- [Task]
Among the entries below, the lines from the one with "The Galerkin finite" up to and including the one with "Чашка металева з" are to be restated exactly, without pictures.

- [Data supplied]
◇ ◇ ◇ ◇

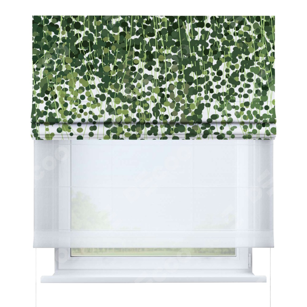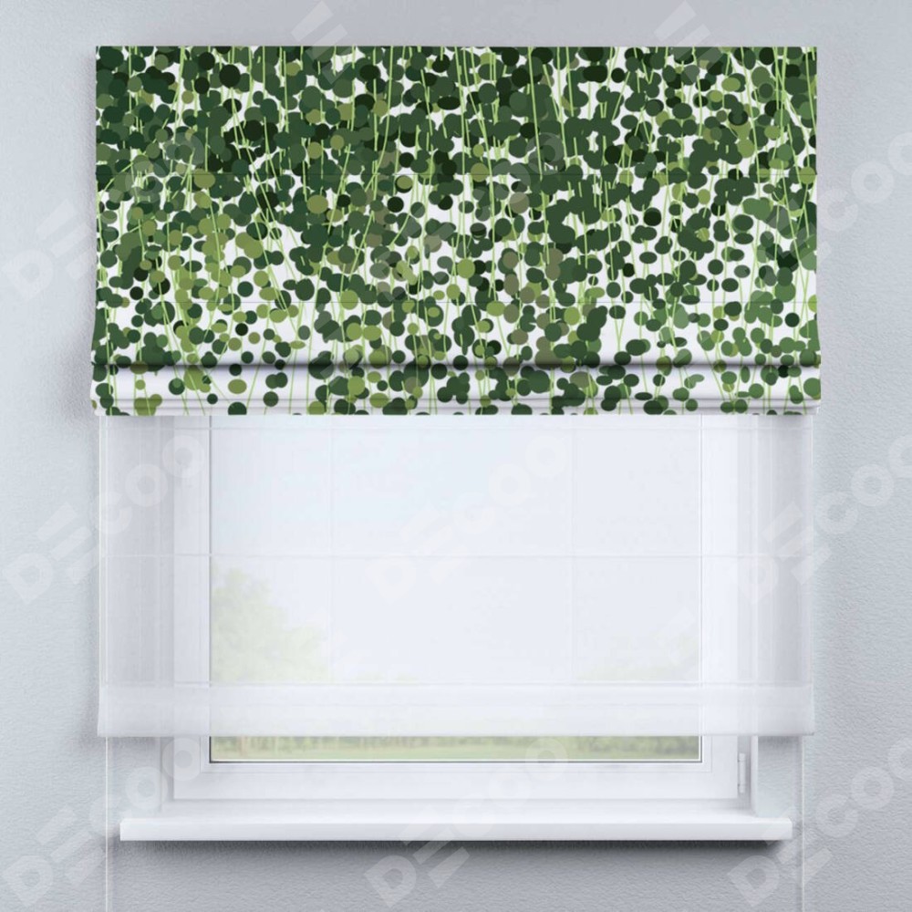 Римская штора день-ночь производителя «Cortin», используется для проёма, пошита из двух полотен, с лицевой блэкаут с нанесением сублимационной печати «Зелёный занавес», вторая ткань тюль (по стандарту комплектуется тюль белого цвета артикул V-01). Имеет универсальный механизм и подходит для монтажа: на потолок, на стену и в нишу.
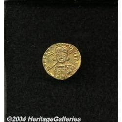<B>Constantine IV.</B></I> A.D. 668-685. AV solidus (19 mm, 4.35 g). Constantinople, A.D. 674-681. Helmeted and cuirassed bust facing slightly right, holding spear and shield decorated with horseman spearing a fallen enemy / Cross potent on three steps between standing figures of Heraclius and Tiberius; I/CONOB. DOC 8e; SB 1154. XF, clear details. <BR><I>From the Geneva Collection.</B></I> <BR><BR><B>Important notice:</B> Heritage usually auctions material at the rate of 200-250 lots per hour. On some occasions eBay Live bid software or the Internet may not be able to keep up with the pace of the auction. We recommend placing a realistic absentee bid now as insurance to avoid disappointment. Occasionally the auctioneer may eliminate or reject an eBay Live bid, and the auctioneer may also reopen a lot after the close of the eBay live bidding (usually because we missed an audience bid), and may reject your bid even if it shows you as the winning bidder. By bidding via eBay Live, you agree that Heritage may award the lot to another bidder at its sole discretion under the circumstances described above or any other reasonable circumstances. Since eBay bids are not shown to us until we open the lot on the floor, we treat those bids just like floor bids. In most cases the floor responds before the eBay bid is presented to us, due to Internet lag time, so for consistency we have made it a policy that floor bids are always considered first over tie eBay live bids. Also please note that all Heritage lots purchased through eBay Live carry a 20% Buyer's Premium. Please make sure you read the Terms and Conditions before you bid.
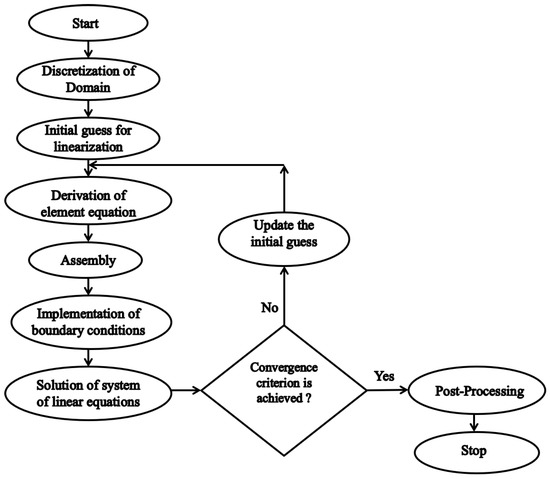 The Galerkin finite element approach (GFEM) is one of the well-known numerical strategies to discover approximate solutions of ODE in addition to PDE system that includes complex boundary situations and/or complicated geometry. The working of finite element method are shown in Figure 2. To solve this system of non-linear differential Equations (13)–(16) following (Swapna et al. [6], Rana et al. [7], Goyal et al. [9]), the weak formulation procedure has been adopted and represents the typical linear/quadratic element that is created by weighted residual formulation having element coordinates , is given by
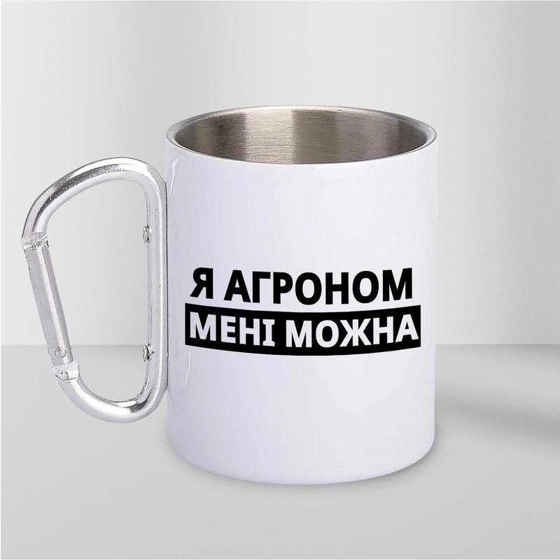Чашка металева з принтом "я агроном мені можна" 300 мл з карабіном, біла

◇ ◇ ◇ ◇

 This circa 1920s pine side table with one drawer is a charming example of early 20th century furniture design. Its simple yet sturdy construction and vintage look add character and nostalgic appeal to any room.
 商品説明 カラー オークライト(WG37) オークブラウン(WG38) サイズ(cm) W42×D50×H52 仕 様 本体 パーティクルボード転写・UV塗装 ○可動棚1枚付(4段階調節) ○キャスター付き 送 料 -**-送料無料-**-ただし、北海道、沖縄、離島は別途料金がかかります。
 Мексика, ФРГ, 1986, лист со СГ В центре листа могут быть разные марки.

◇ ◇ ◇ ◇

- [Answer to the exercise]
 The Galerkin finite element approach (GFEM) is one of the well-known numerical strategies to discover approximate solutions of ODE in addition to PDE system that includes complex boundary situations and/or complicated geometry. The working of finite element method are shown in Figure 2. To solve this system of non-linear differential Equations (13)–(16) following (Swapna et al. [6], Rana et al. [7], Goyal et al. [9]), the weak formulation procedure has been adopted and represents the typical linear/quadratic element that is created by weighted residual formulation having element coordinates , is given by
Чашка металева з принтом "я агроном мені можна" 300 мл з карабіном, біла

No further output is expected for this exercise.